In simple cases when the capacitors are connected in series the charge stored on each of the capacitors is the same and for capacitors in parallel the potential difference across each of them is the same.

In general stored electrical energy conservation does not work because if the charge needs to be redistributed this will mean that an electric current must flow in wires which have resistance and so some of the stored electrical energy will be converted into heat.
That is the reason for the discrepancy in the electrical energy stored by the capacitors in your post.

The Wikipedia article Two capacitor paradox and the Kirk T. McDonald paper A Capacitor Paradox explain fully what happens if the wire resistance is zero (very, very small).

Here are some ways of thinking about the equivalent capacitance.

A "equivalent capacitance between terminals A and B" is a single capacitance that replaces a "network of only capacitances with terminals A and B" such that the rest of the circuit can't tell the difference between two cases. Specifically, this means that [in the context of charging and discharging the network with an external battery connected at A and B]

• the voltage across A and B is the same in both cases
• the [total] charge seen at terminal A is the same in both cases (and similarly for B)
• the current into A (and out of B) is the same in both cases
• the energy stored is the same in both cases

The bracketed condition means that the paradox mentioned by @Farcher involving one of the capacitors being charged while another is uncharged does not apply here.

So, if your three capacitor networks are connected to identical batteries, then their corresponding equivalent-capacitances are connected to those identical batteries.
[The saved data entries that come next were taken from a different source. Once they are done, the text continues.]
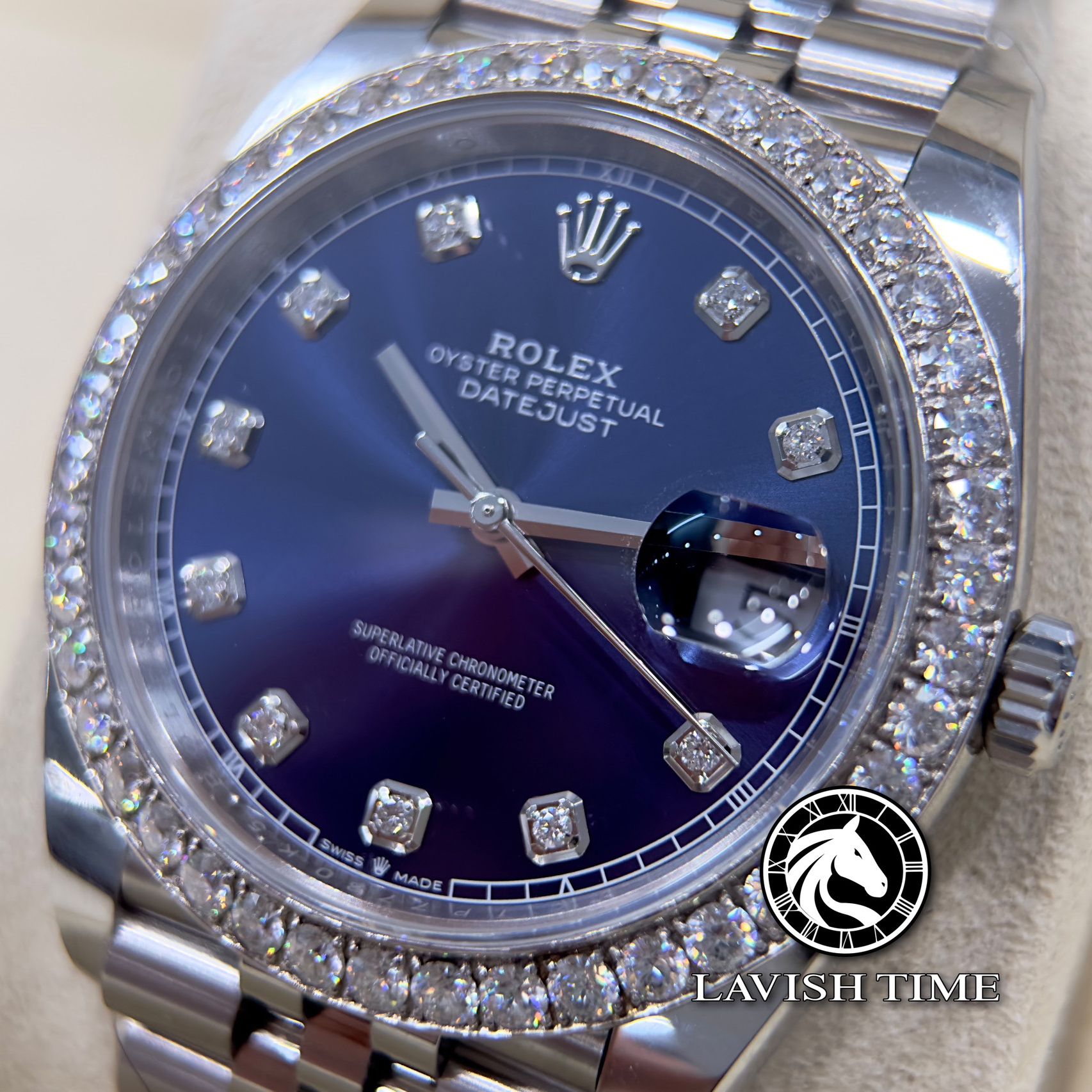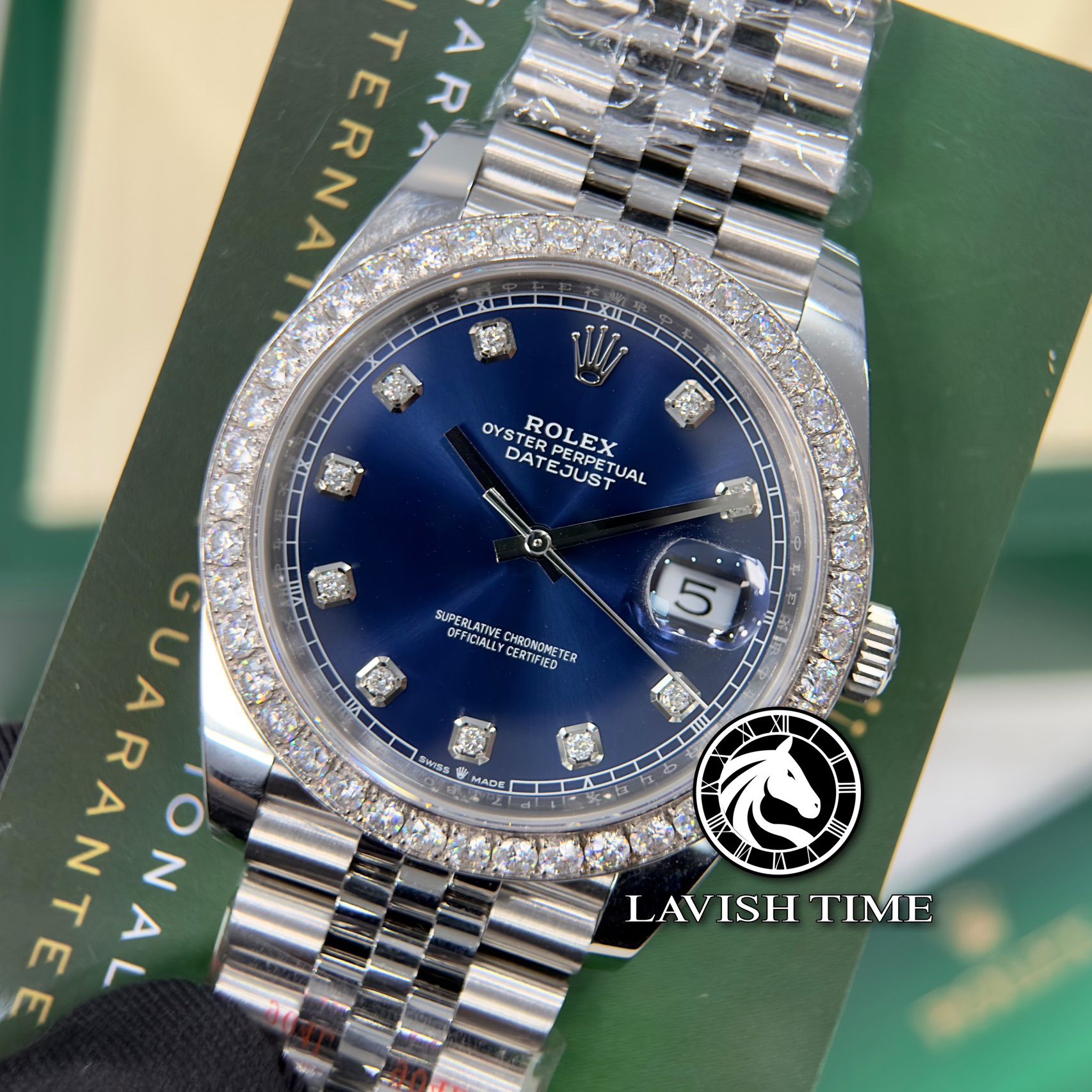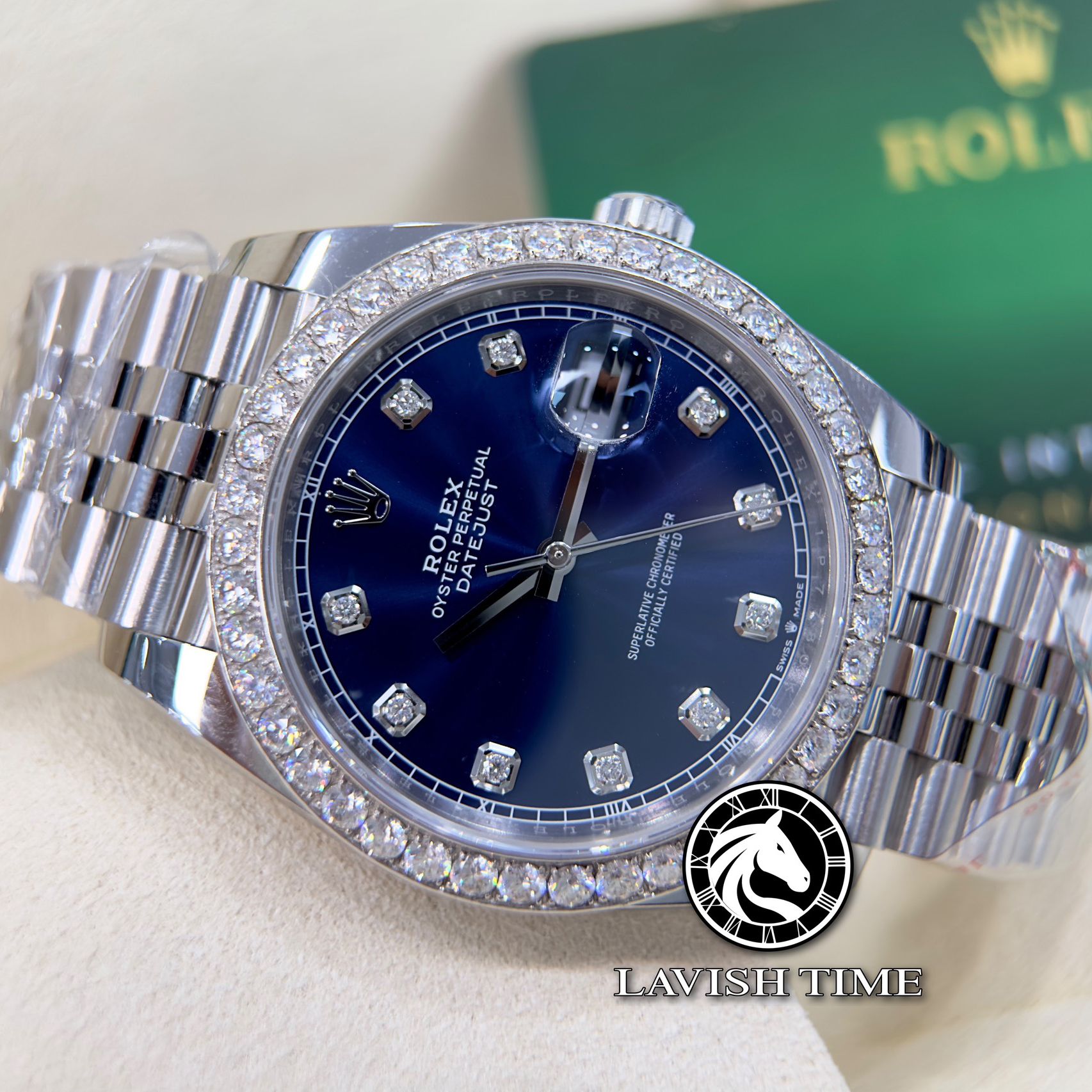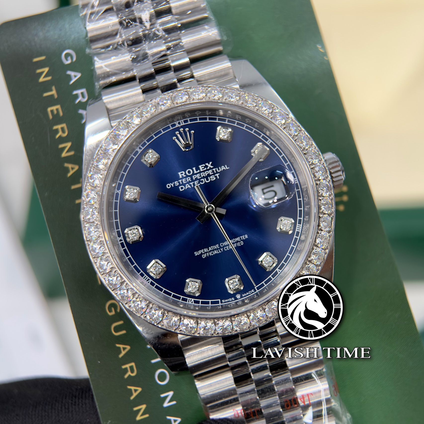 Đồng Hồ Rolex Datejust 41mm 126334-0016 Rep 1:1 Chế Tác Vỏ Bạc Niềng Bezel Và Cọc Số Độ Kim Cương Thiên Nhiên Mặt Xanh Dây Kim Loại Jubilee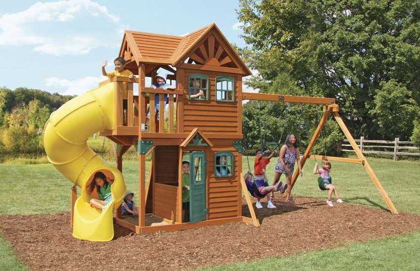 Домик для детской площадки это не просто деревянные куб с крышей. Это может быть целый комплекс разных сооружений с качелями и другими снарядами.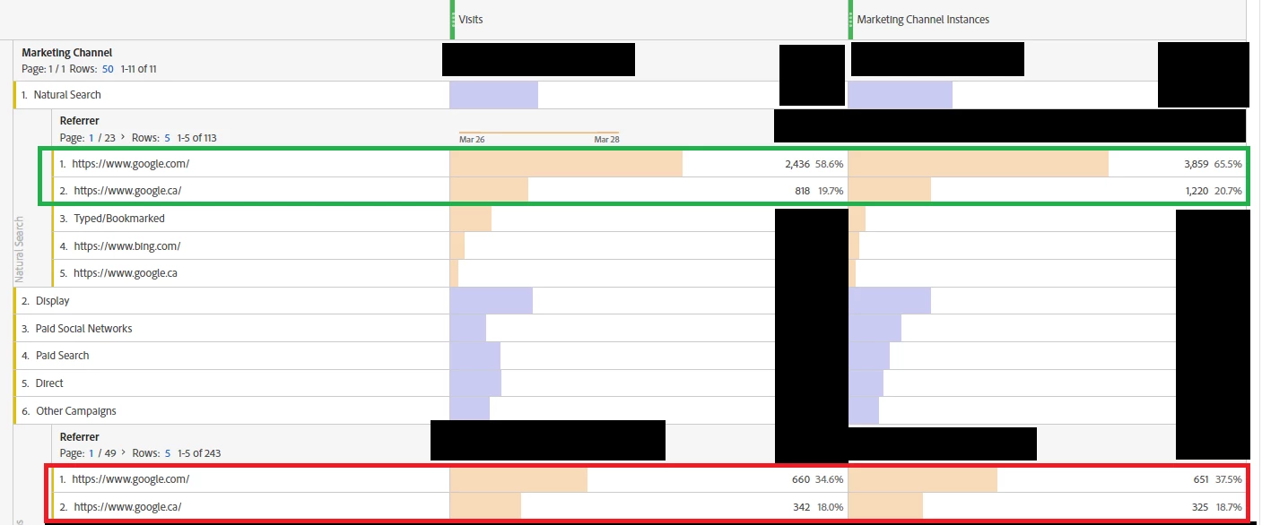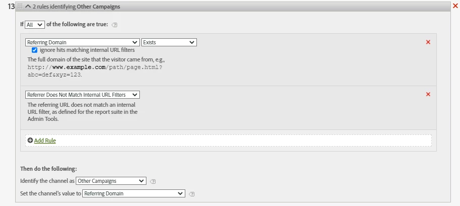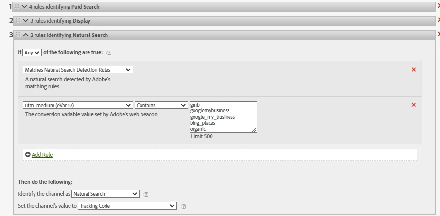 I've been noticing that some of my visits/marketing channel instances are being assigned to 'Other Campaigns'. However there is a referrer assigned 'Google' within the 'Other campaigns' channel. When reviewing my marketing channel rules, if a user does not fulfill the paid search criteria, but clearly has a referrer from a search engine the 'Natural Search Detection Rules' should pick that up as natural search. So far the only reference material I have been able to find on 'Natural Search Detection Rules' is here: https://experienceleague.adobe.com/docs/analytics/components/marketing-channels/c-rules.html?lang=en#natural-search Could someone provide more insight into 'Natural Search Detection Rules' and the conditions surrounding this?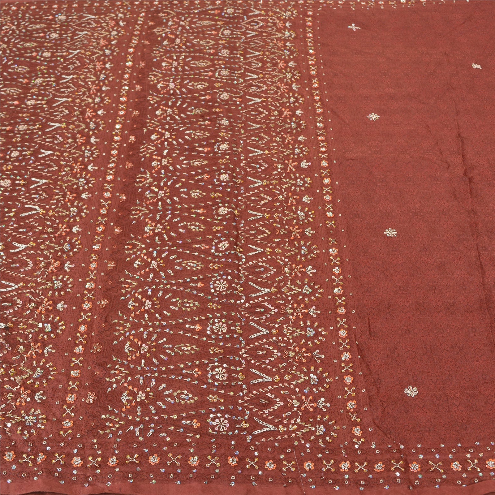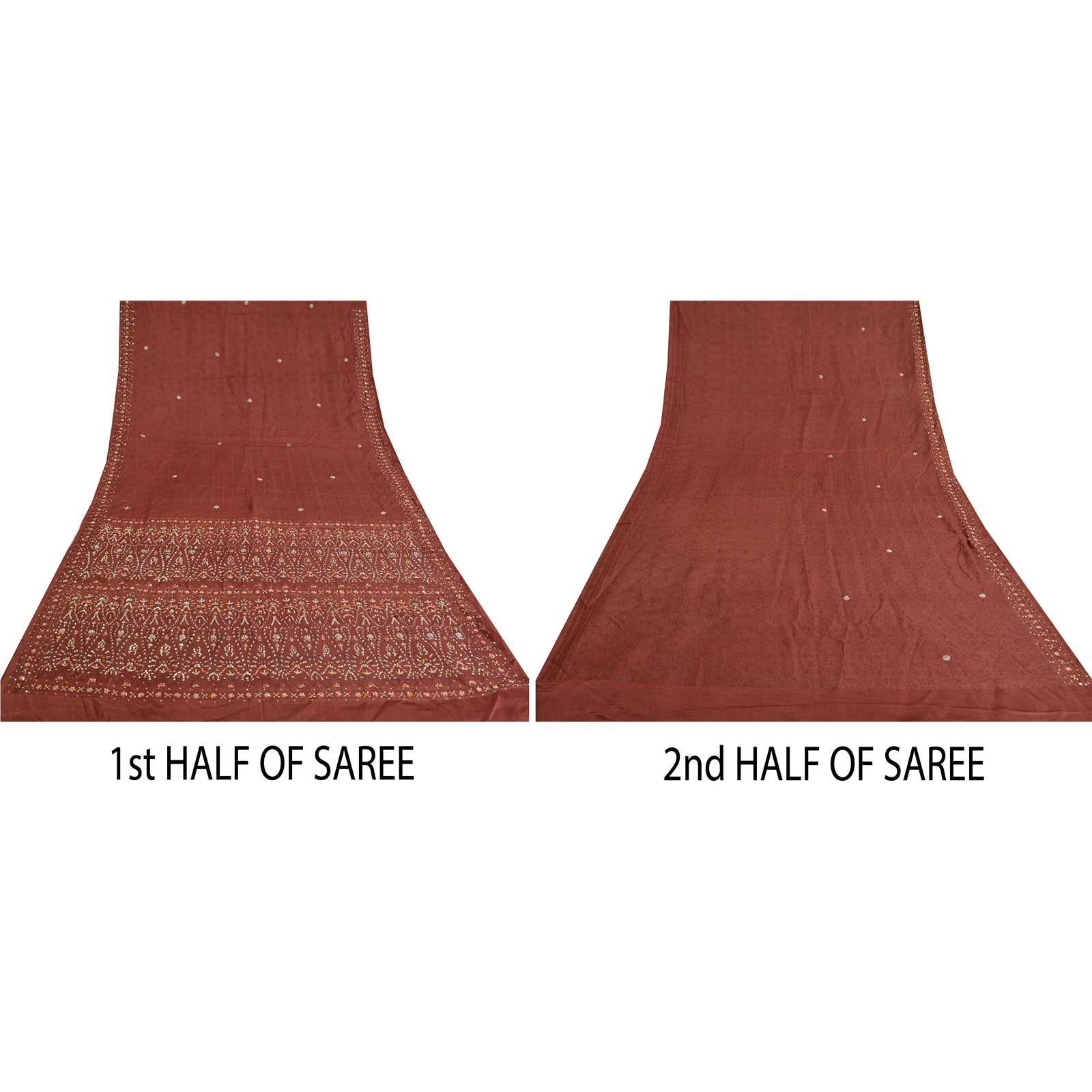 Sanskriti Vintage Brown Heavy Sarees Pure Satin Silk Beaded Woven Sari Sustainable Fabric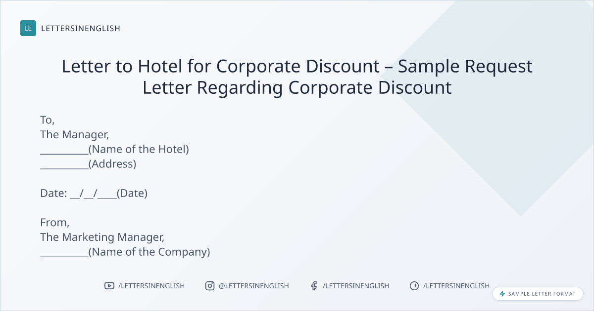Letter to Hotel for Corporate Discount – Sample Request Letter Regarding Corporate Discount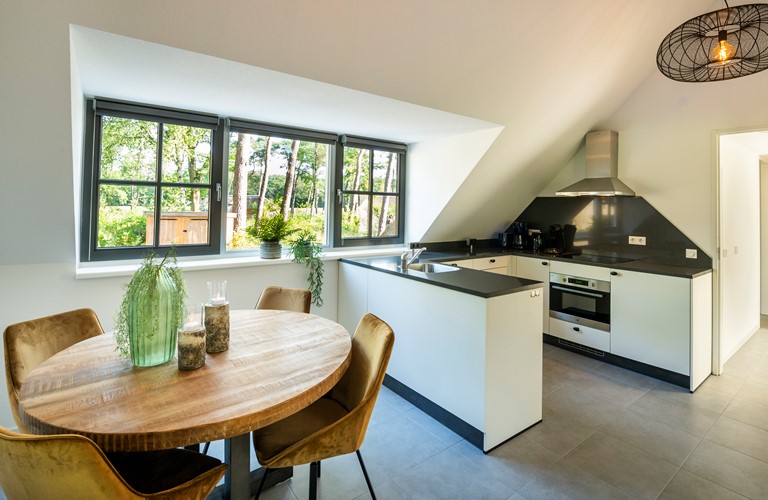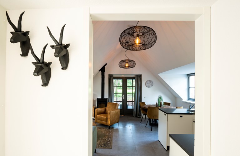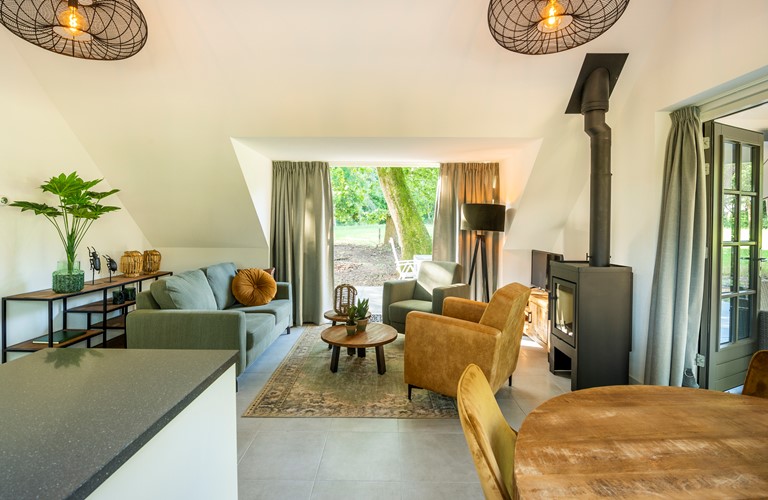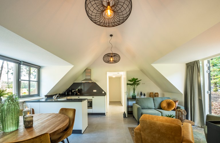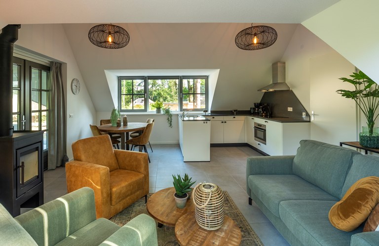 De woning is modern maar knus ingericht, waarbij de sfeer en kleuren van de Veluwe naar binnen zijn gehaald in een stijlvol interieur. Zowel binnen als buiten is de woning fraai afgewerkt en voorzien van alle comfort en gemakken. De woonkamer is voorzien van een heerlijke houtkachel en grenst aan de eethoek en open keuken. In de woning zijn twee tweepersoonsslaapkamers aanwezig en vindt u een mooie badkamer. Het toilet is apart te vinden.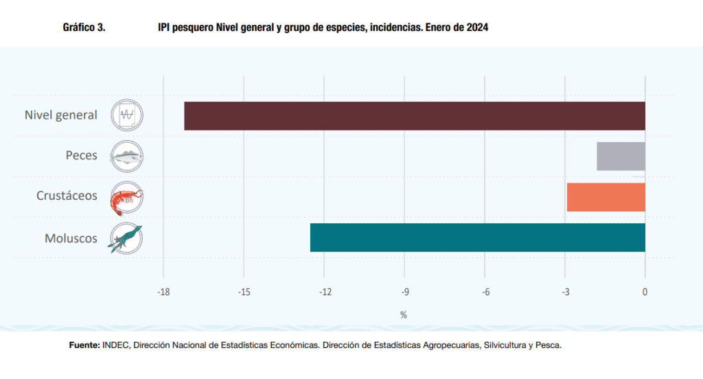 El apartado sobre el “Grupo de Especies”, destaca que en enero de 2024, el grupo “Peces” registró una caída de 18,6% respecto a igual mes del año anterior.
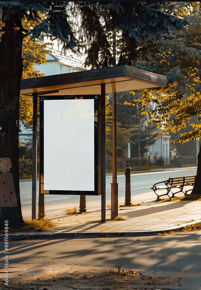 Empty Bus Stop Billboard on a Quiet Autumn Morning in a Small Town #881069840

For the case of two identical capacitors,

• when connected in series, the two capacitors and its equivalent capacitance could be modeled as all having the same area of one plate, but the equivalent capacitance has twice the separation between the equivalent-plates compared to the separation between the plates of one of the original capacitors. (This is consistent with the equivalent capacitance being half of one original capacitance.)

• when connected in parallel, the two capacitors and its equivalent capacitance could be modeled as all having the same separation between their plates, but the equivalent capacitance has twice the area of its equivalent-plate compared to the area of the plate of one of the original capacitors. (This is consistent with the equivalent capacitance being twice one original capacitance.)

The above could be generalized to different capacitances connected all-in-series or all-in-parallel.

For the general case of different capacitances,

• For an all-in-parallel combination,
the voltages across the various capacitors are equal to each other
and are equal to the voltage across the equivalent capacitance.
The charges on the left-plate of the equivalent-capacitance is equal to the sum of the charges on the left-plates of each of these capacitances.
• For an all-in-series combination,
the charge on the left-plates of each capacitor are equal to each other
and are equal to the charge on the left-plate of the equivalent capacitance.
The voltage across the equivalent-capacitance is equal to the sum of the voltages across each of these capacitances.

Hopefully, this gives you enough information to answer your questions.